The expression of AR is often detected in about 60% to 90% of ER + ve breast cancer cases [43,44]. In this sub-type of breast cancer, AR acts as a good prognostic factor. In a study of 931 patients, the survival curves demonstrated that the presence of AR in patients with ER + ve tumors showed a better outcome for disease-free survival (DFS) and overall survival (OS).
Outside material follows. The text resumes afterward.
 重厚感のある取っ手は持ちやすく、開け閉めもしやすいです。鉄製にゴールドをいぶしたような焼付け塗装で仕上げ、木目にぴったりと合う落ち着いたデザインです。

A study of 1467 postmenopausal breast cancer patients showed similar results [45]. However, the presence of AR would be a poor prognostic factor for ER-ve patients [44]. AR expression in ER + ve/HER2-ve breast cancer was significantly associated with better breast cancer-specific survival (BCS), recurrence-free survival (RFS), and OS; however, AR expression became a poor prognostic factor in ER-ve patients [46]. A study that determined AR’s clinical significance in luminal-B breast cancers showed that the AR + ve cases would have better outcomes for time-to-relapse (TTR) and disease-specific survival (DSS) [47]. Another independent study revealed that high AR expression in ER + ve tumors was associated with less infiltration of lymphocytes, which is a sign of better prognosis, and better survival [48]. Several other studies have also revealed that the expression of AR in ER + ve breast cancer is associated with a smaller size, lower histopathological grading, and lower proliferative properties of the tumors, which might prolong the patients’ survival [44,49,50,51]. These clinical studies supported that AR expression could be a useful prognostic factor in breast cancers.
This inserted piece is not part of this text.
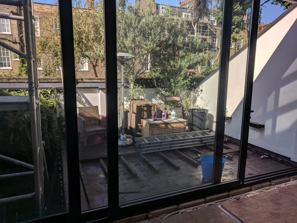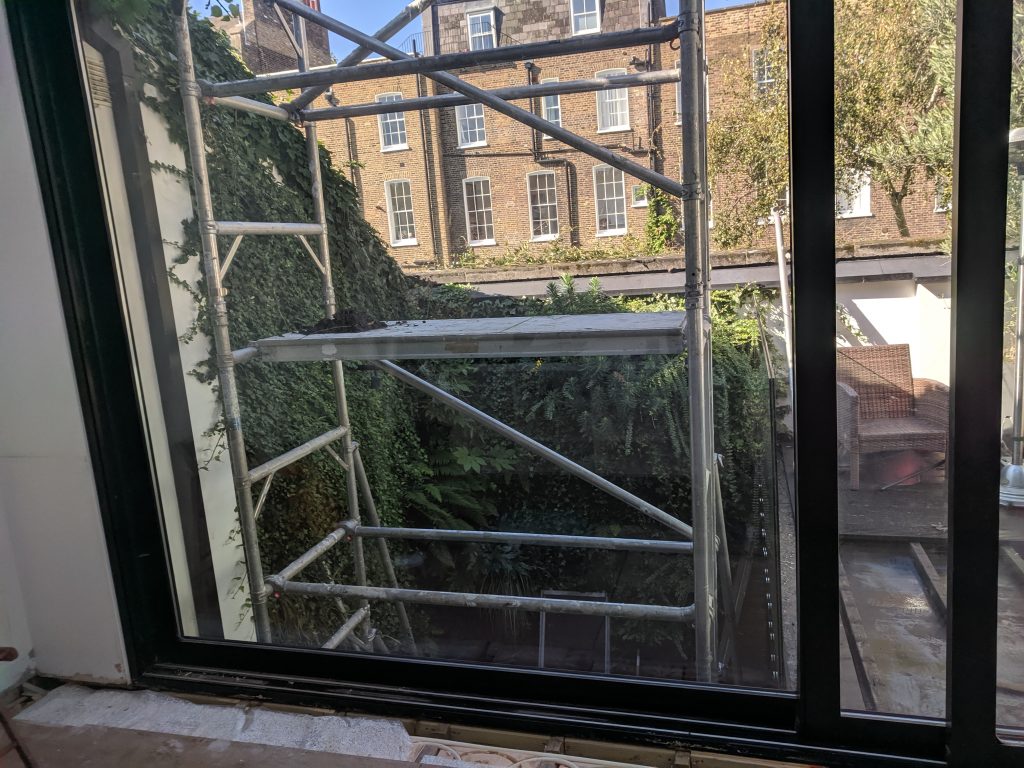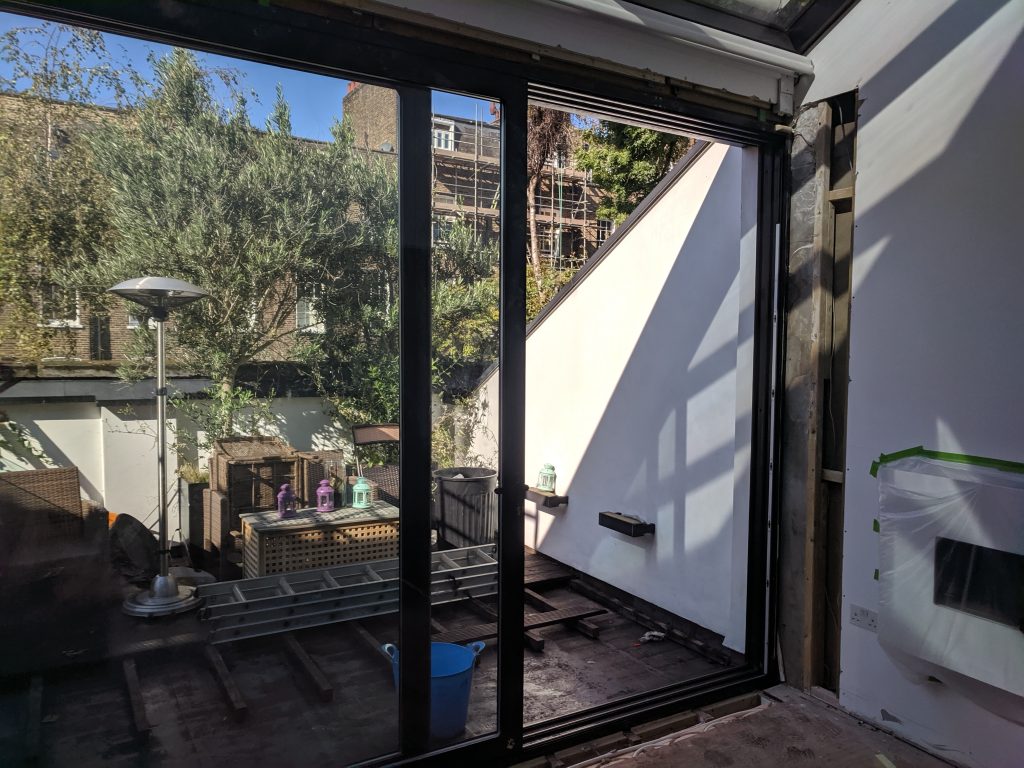 Large Schuco sliding doors, removed in order to facilitate essential building works.

These findings suggest that AR likely functions as a tumor suppressor in ER + ve breast cancer. This raises the question to investigators: what is the connection between AR and ERα signaling in breast cancer? One of the possibilities is that activated-AR can antagonize the transcription activity of ERα by competitive binding to estrogen responsive elements (EREs). A recently published paper has clarified the detailed mechanism [52]. This study showed that AR activation could replace ERα from chromatin. AR then occupied over 40% of all ERα binding sites (ERBSs), leading to a loss of estrogen response elements (EREs) binding. Meanwhile, ERα was shown to gain new binding targets by relocating to some AR binding sites (ARBSs) to further regulate AR targeted genes, including tumor suppressor SEC14L2, EAF2, and ZBTB16 to inhibit the growth of cells. Furthermore, AR also competes with ERα for binding to a common co-activator, p300, which is essential for the activity of ERα. Since ERα needs a co-regulatory protein SRC-3 to recruit p300 while AR can bind to p300 directly, AR may obtain an advantage in the competition with ERα, resulting in suppression of ER signaling; the activation of AR, therefore, demonstrated an inhibitive effect on ER + ve breast cancer cells [52]. Moreover, AR can inhibit ERα indirectly by some mediator proteins. ERβ is a suppressor of ERα. Activated AR could up-regulate the expression of ERβ gene by binding to the ARE of its promoter region to suppress the activity of ER [53]. In summary, the activation of AR can suppress ER activity by different mechanisms. Since the ERα is a dominant pathway in promoting tumor growth in ER + ve breast cancers, suppressing the ERα can attenuate disease progression. Therefore, AR leads to the better outcome of patients with ER + ve breast cancers.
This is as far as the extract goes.